Approximating-Discontinuous-Nash-Equilibrial-Values-of-Two-Player-General-Sum-Differential-Games


Lei Zhang, Mukesh Ghimire, Wenlong Zhang, Zhe Xu, Yi Ren
Arizona State University

This is the implementation of the paper "Approximating-Discontinuous-Nash-Equilibrial-Values-of-Two-Player-General-Sum-Differential-Games"

Get started

There exists two different environment, you can set up a conda environment with all dependencies like so:

For Toy Case, Collision_avoidance, Uncontrolled_intersection_complete_information_game and Uncontrolled_intersection_incomplete_information_game

conda env create -f environment.yml
conda activate siren

For BVP_generation

conda env create -f environment.yml
conda activate hji

Code structure

There are five folders with different functions

BVP_generation: use standard BVP solver to collect the Nash equilibrial (NE) values for uncontrolled intersection (case 1) and collision avoidance (case 2)

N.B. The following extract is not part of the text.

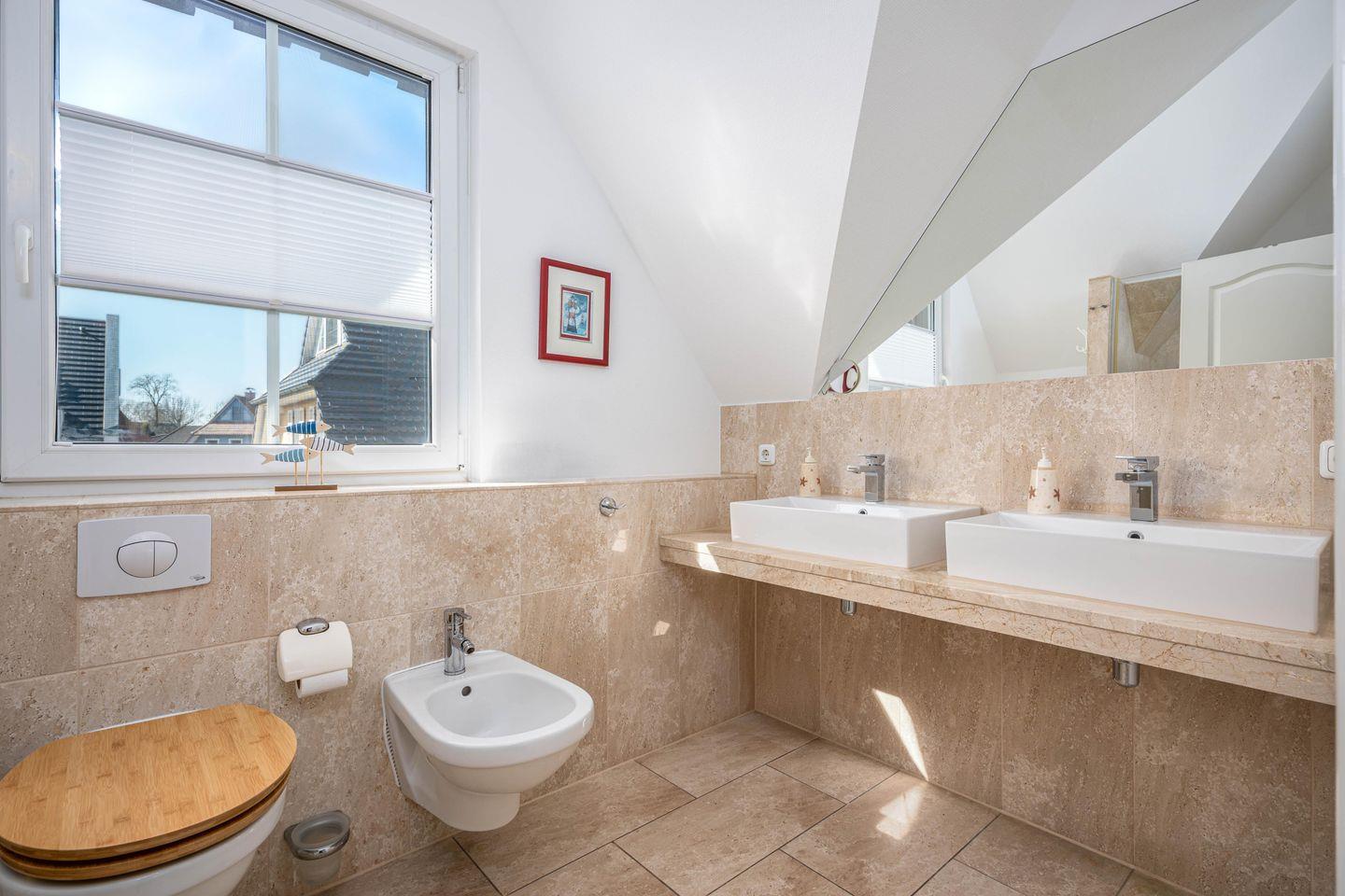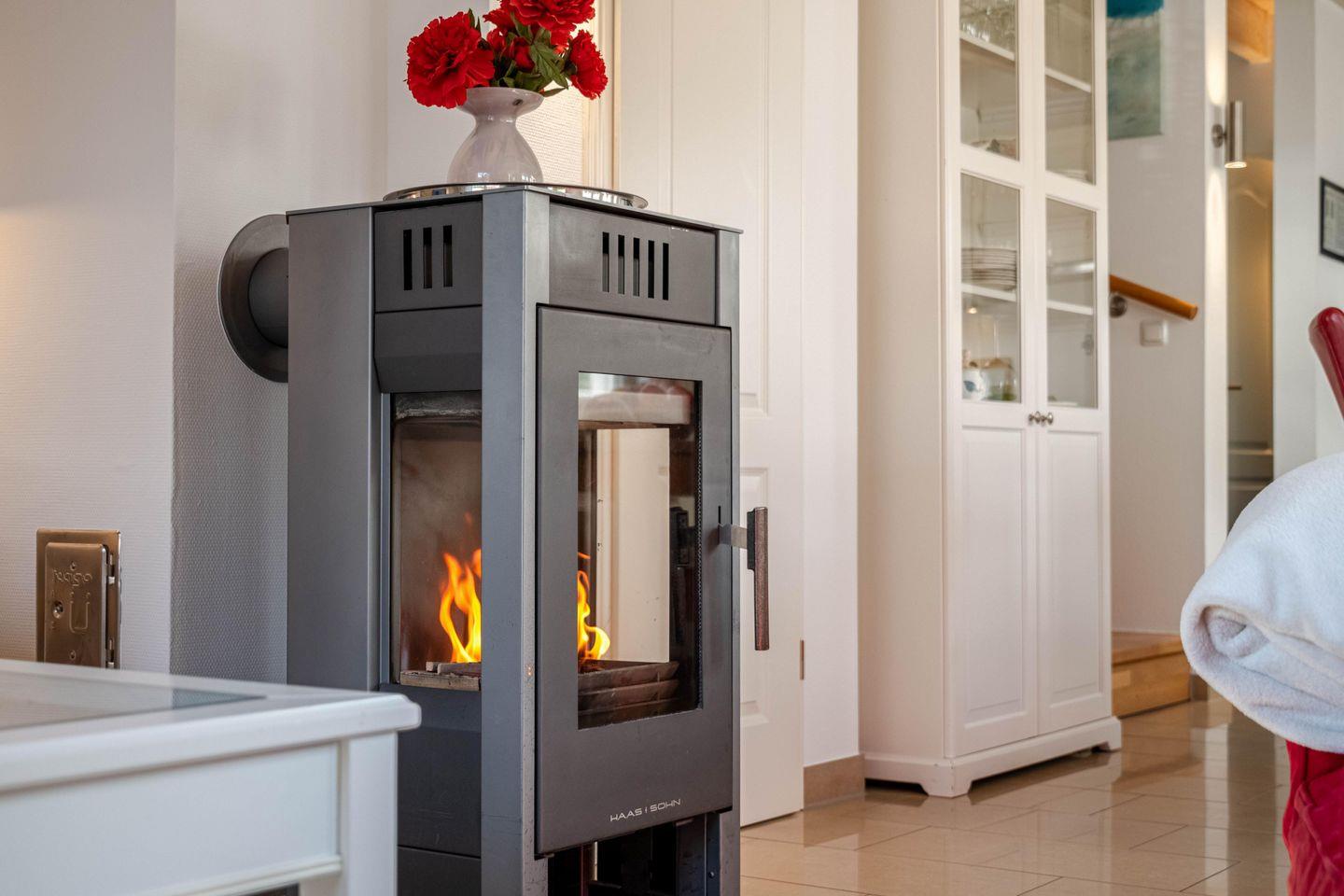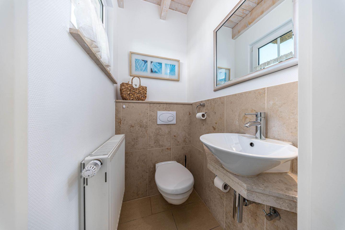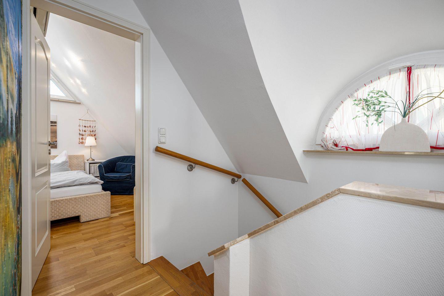 Im Erdgeschoss haben Sie ein Gäste-WC, die Hobbyköche-Küche mit Spülmaschine, Kaffee/Espresso-Vollautomat von Krups, dahinter die Essgruppe mit Eichentisch und langer Sitzbank und weiter zum Garten hin den Wohnbereich mit Kuschelcouch, Sessel und Hocker.
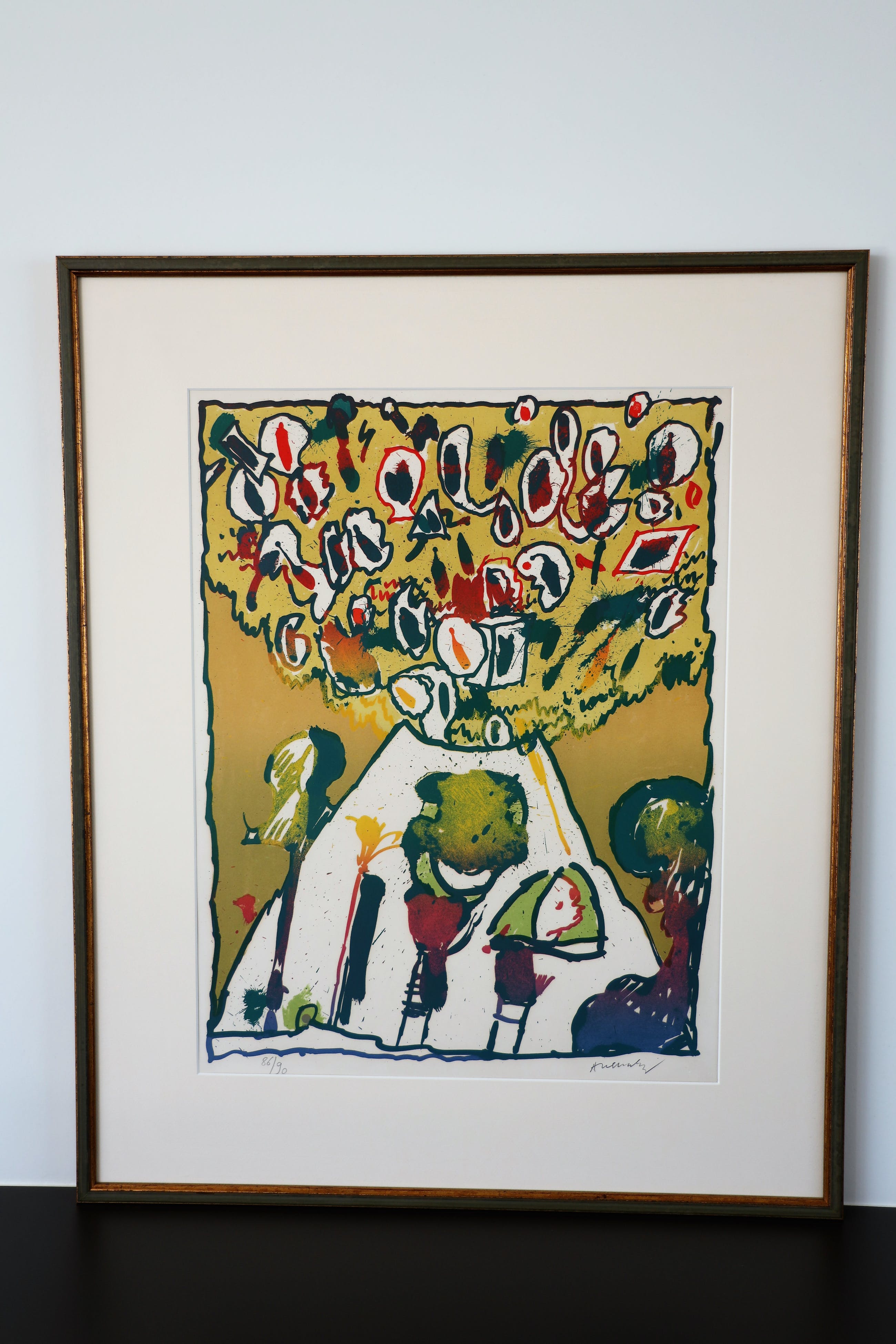 Pierre Alechinsky Litho nr VI uit de reeks van 7 kleurenlitho's "Les Vulcanologies" uit 1970.

The code is organized as follows:

  • generate_intersection.py: generate 5D NE values under four player type configurations (a, a), (na, a), (a, na), and (na, na) for case 1.
  • generate_collision_avoidance.py: generate 9D NE values for case 2.
  • ./utilities/BVP_solver.py: BVP solver.
  • ./example/vehicle/problem_def_intersection.py: dynamic, PMP equation setting for case 1.
  • ./example/vehicle/problem_def_collision_avoidance.py: dynamic, PMP equation setting for case 2.

run generate_intersection.py or generate_collision_avoidance.py to collect NE values. Please notice there is four player types in case 1. You should give setting in generate_intersection.py. Data size can be set in ./example/vehicle/problem_def_intersection.py or ./example/vehicle/problem_def_collision_avoidance.py.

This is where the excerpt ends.